Tuesday, 19 April 2011

O Fortuna, I think I am becoming a god: the hubris of Humanity

The head of the allegedly "greenest government in (British) history", David Cameron, announced yesterday his intention to repeal a raft of environmental legislation, including laws protecting wild bird's nests and eggs, as well as, crucially, the Climate Change Act. This latter law currently requires the Government to take steps to ensure that the carbon emissions of the UK are 80% below their 1990 level by 2050 - this is the minimum reduction many climate change scientists argue will be necessary across the world to prevent runaway climate change and the destruction of human civilisation.

Why has Cameron, aided and abetted by his supine Liberal Democrat Orcs, decided on this?

Well, apparently such rules are "red tape" which hinder the onward march of British industry. They crush creativity and damage our competitiveness with overseas trade rivals. Much better to set our resource-gobbling entrepreneurs free to sate their lust for profit on the altar of profligacy and excess.

Cameron and his free marketeer allies like David Laws and Nick Clegg claim of course that this is the genus of capitalism unbound - free to develop, to cater for every human demand and whim, somehow, by magic, it will find the answers to our environmental problems, invent amazing new technologies that will defy the laws of physics and breach resource limits. Hence the move towards freeing up GM food and the view of Climate Change regulations as a hindrance to the mystical Invisible Hand of the Mighty Market that will mysteriously provide for us all. In doing so, it might ravage the planet of its natural beauty, destroy its ecosystems and rape it of its resources, but that won't matter - somehow, as long as we work hard enough and don't think of some free ride on the state benefits express, Capitalism will provide.

And so we have a government informed by neo-liberal economics and the freak theories of people like the Campaign to Repeal the Climate Change Act. See a video interview with one of their leaders here (click here to link)...a man so breathtakingly arrogant in his ignorance that he defies belief outside of the realms of bad science fiction movies. This man feels that any suggestion that we might limit our use of resources or seek to limit or even just slow the exponential growth rate of humanity is a slight to his warped version of reality.
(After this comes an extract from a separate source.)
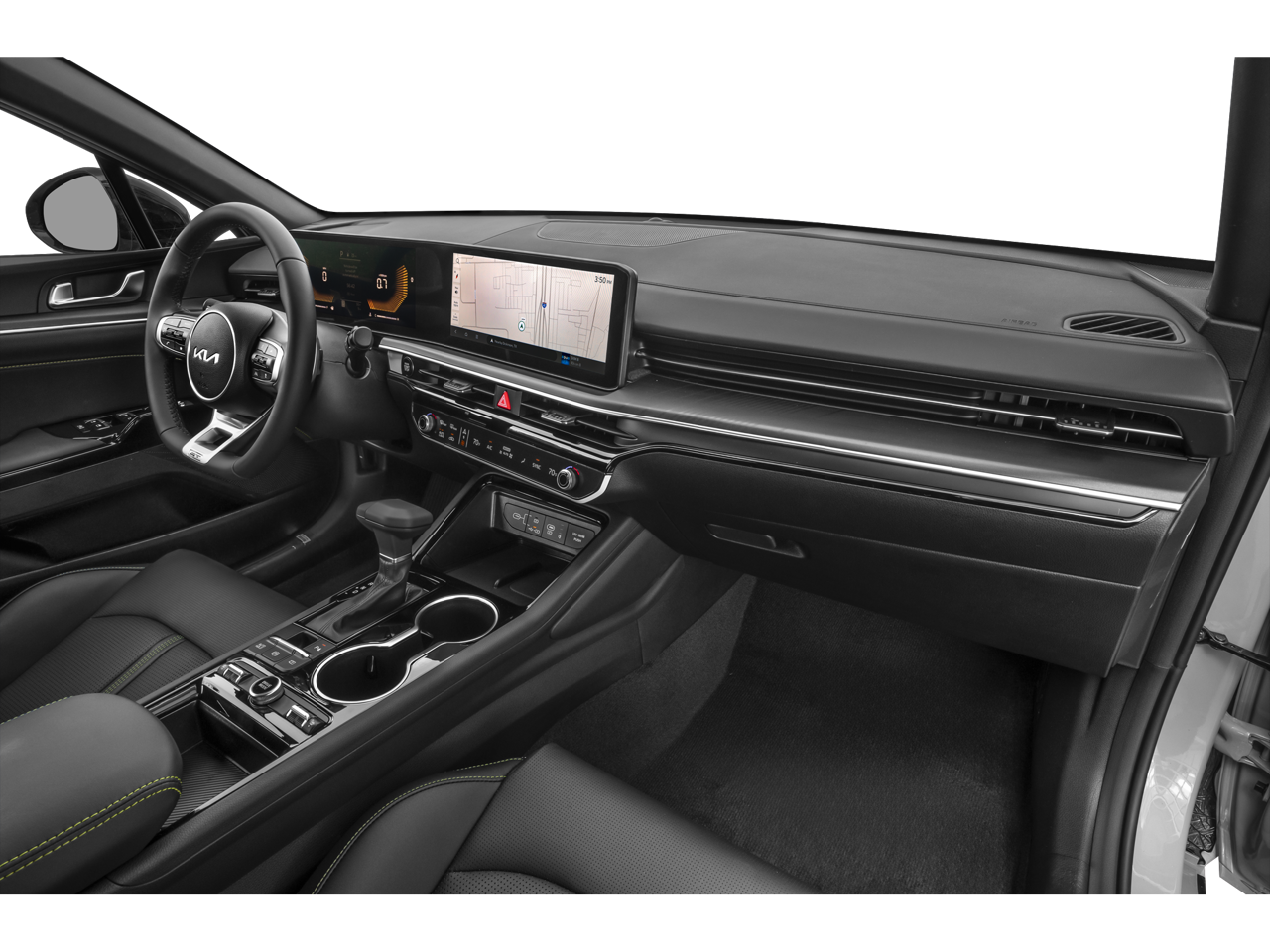 Equipped with 4-Wheel Disc Brakes, 6 Speakers, ABS brakes, Air Conditioning, Alloy wheels, AM/FM radio: SiriusXM, Auto High-beam Headlights, Automatic temperature control, Brake assist, Bumpers: body-color, Carpeted Floor Mats, Delay-off headlights, Driver door bin, Driver vanity mirror, Dual front impact airbags, Dual front side impact airbags, Electronic Stability Control, Emergency communication system: Kia Connect (includes 1 year free trial), Four wheel independent suspension, Front anti-roll bar, Front Bucket Seats, Front Center Armrest, Front dual zone A/C, Front fog lights, Front reading lights, Fully automatic headlights, Heated door mirrors, Heated front seats, Heated Sport Bucket Seats, Illuminated entry, Knee airbag, Leather Shift Knob, Leather steering wheel, Low tire pressure warning, Navigation System, Occupant sensing airbag, Outside temperature display, Overhead airbag, Overhead console, Panic alarm, Passenger door bin, Passenger vanity mirror, Power door mirrors, Power driver seat, Power moonroof, Power steering, Power windows, Radio data system, Radio: AM/FM Audio System, Rear anti-roll bar, Rear reading lights, Rear seat center armrest, Rear side impact airbag, Rear window defroster, Remote keyless entry, Security system, Speed control, Speed-sensing steering, Split folding rear seat, Sport steering wheel, Steering wheel mounted audio controls, SynTex Seat Trim, Tachometer, Telescoping steering wheel, Tilt steering wheel, Traction control, Trip computer, Turn signal indicator mirrors, Variably intermittent wipers, and Wheels: 19 x 8.0J Gloss Black Machined Finish Alloy. Must Finance with Kia Finance America to be eligible for KFA Bonus Cash. Offer not stackable with other offers from Kia.

By his arguments, the more the merrier - more humans will not bust the planet, but rather somehow create the ingenuity that will allow us somehow to cram more and more people onto our tired piece of space rock, forever gobbling resources, flying everywhere, driving everywhere, living like Americans everywhere...

Of course, he is in a fantasy world: one where anything that might rain on his parade is in fact a socialist plot. Peak Oil? Nonsense, he scoffs, if we begin to run out of oil, having another three billion people on the Earth will not massively increase demand for the dwindling black stuff and make its price rocket, but rather provide the creative brainpower required to invent new ways of miraculously creating and consuming more and more outputs for fewer and fewer inputs. Anyone who disagrees is just a havering hippie.

But then this denial of reality also invents any kind of excuses or explanations for our current realities - of rising energy prices, of rising global temperatures, of billions living on the edge of existence shorn of the ownership of anything of value. Doubtless, all these will be down to the failure of a state somewhere to implement full-on market capitalism. All they need is to let business and industry find a way.

This is the hubris of humanity, exemplified as never before by our strange advocate and the men he stands proxy for. Somehow, we will always find a way out, create something that will make it right, even if it is just on time and millions may suffer in the meantime. Somehow, we have reached a stage in our history where government policy and the cultural zeigeist do truly hold that creativity is spawned far more effectively by seeding it with the prospect of dollars cash rather than by the prospect of public service or even simple satisfaction.

The transient Triumph of Vespasian
In ancient Rome, Emperors were declared gods when they died. When Vespasian heard the Shades whispering to him in AD79, he wryly observed, "O Fortune, I think I am becoming a god" before passing away.

Our modern Masters may sadly no longer worship Zeus and give thanks for the planet the gods bequeathed them, but they clearly see themselves and their favoured sons and daughters as capable of godly deeds as the Earth spins towards catastrophe. To rein them in as they wipe out our rainforests, jet the world over day after day and continue with conspicuous consumption, would by their argument amount to heresy. To suggest that industry might serve people and planet rather than the other way round can be to invite the full Inquisition, castigation as a utopian dreamer or schemer. Rather, it is time to unite around the consensus that somehow Capital will find a way, no matter how pyrrhic its inevitable Triumph.

But Rome is long gone, and the halls of Olympus lie empty. And our modern would-be gods, just as they claim to hold the very key to knowledge, in truth stand empty, nothing more than false gods and hollow men.

We make our obeisances and sacrifices to them at our peril.